I asked this question in a therapy session, but didn’t get the answer I wanted. I asked friends and family, but they advised “enough” had been the first red flag during the dating process. Truth is, no one can truly tell you when enough is enough. Only you know your limits and when that final button has been pushed that will cause you to make a change…to either correct negative behavior or to walk away from the drama. In other words, enough begins with you.
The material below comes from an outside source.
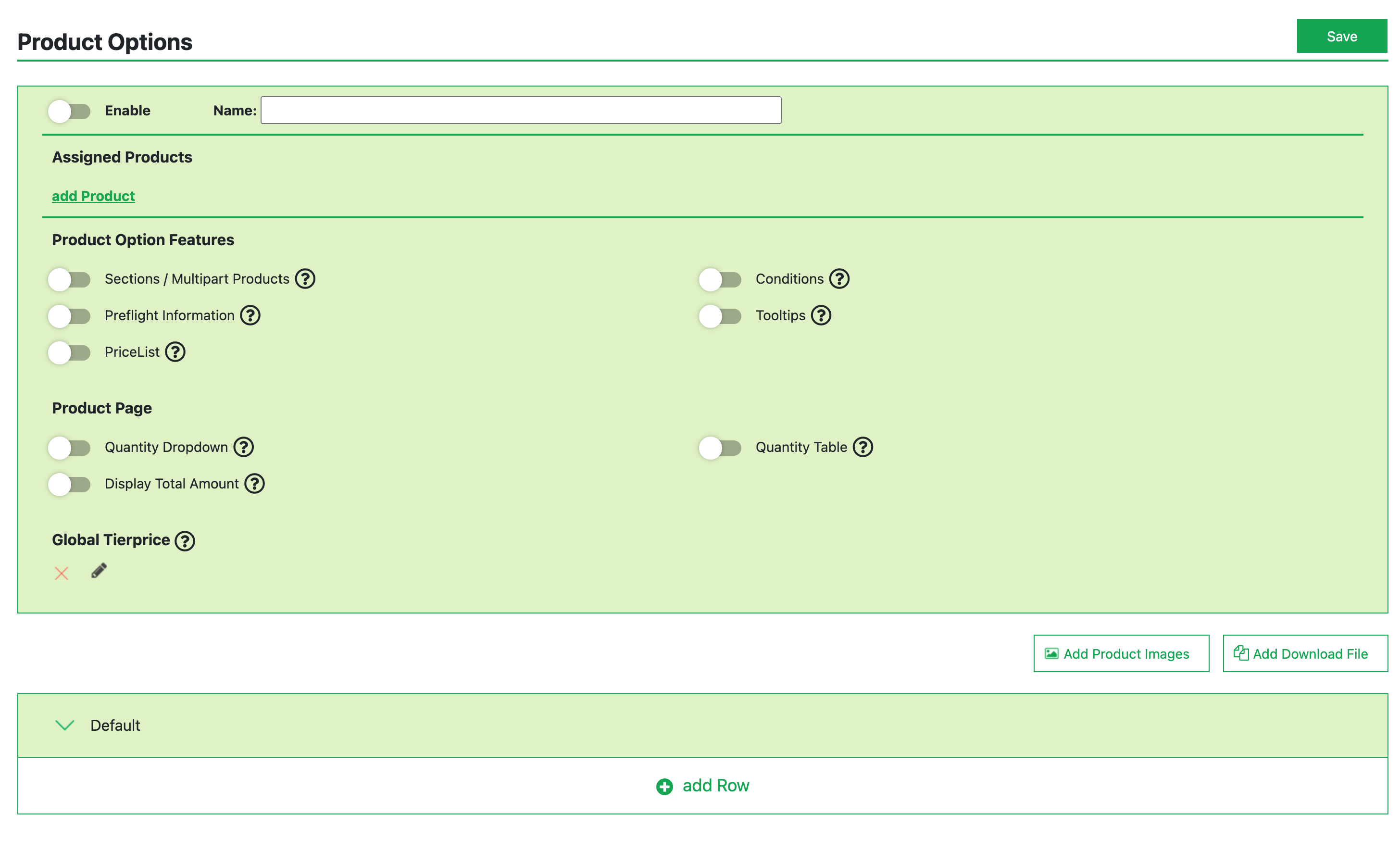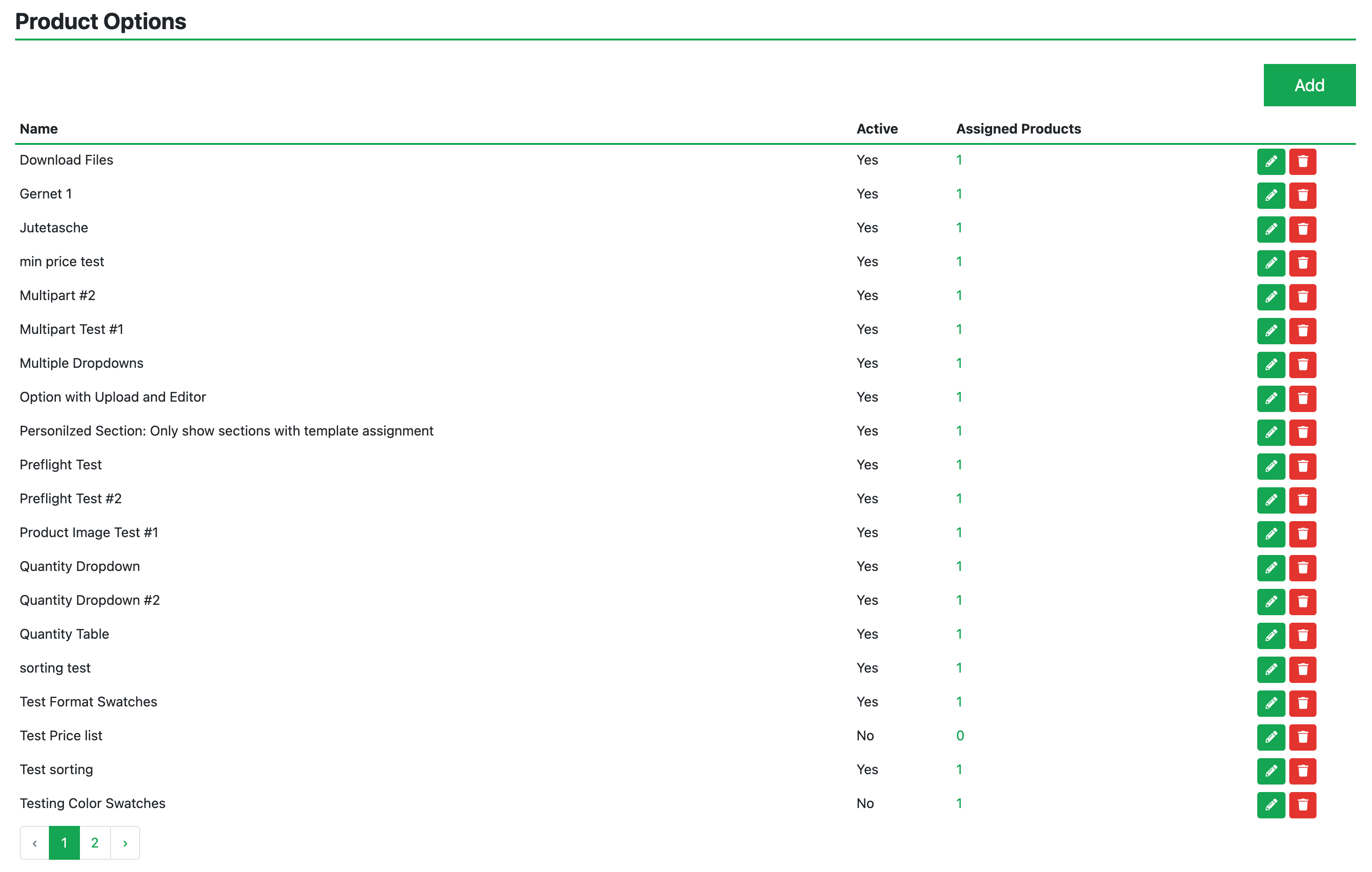 Mit einem klick auf “Add” lässt sich eine neue Produktoption hinzufügen.

First, think about or write down your breaking points, pet peaves, or limits
Everything is easier said than done. If life were that simple, there would probably be no reason to even ask “is this enough?” In my own personal experience, I tend to be too forgiving and too flaky. I switch back and forth on how I want to handle tough situations. Even worse, I continually forgive knowing that I’m going to get hurt again. As I mentioned, during my counseling session, I was advised that enough “was never really enough, but you have to forgive the person as many times as needed.” Of course, I didn’t like that answer, but when given spiritual advice, we never really want to accept the answers given. So as I’m sitting in this session listening to how I should forgive, I’m still thinking, but “when is enough enough?” How many times do I forgive him if he lies? How many times do I forgive him if he cheats or covers up his cheating? How many times do I allow myself to be hurt? Perhaps I was looking for a definitive response so I could contact a lawyer and get a divorce. It’s not that I wanted to end my marriage, but I was tired of being tired of being tired. I dreamed of having affairs myself, but in my own “dream affair” all we did was talk or hang out like old friends. That let me know I lacked the intimacy and friendship that I needed in my own marriage. When dreaming felt better than being awake, I knew I had reached my own breaking point.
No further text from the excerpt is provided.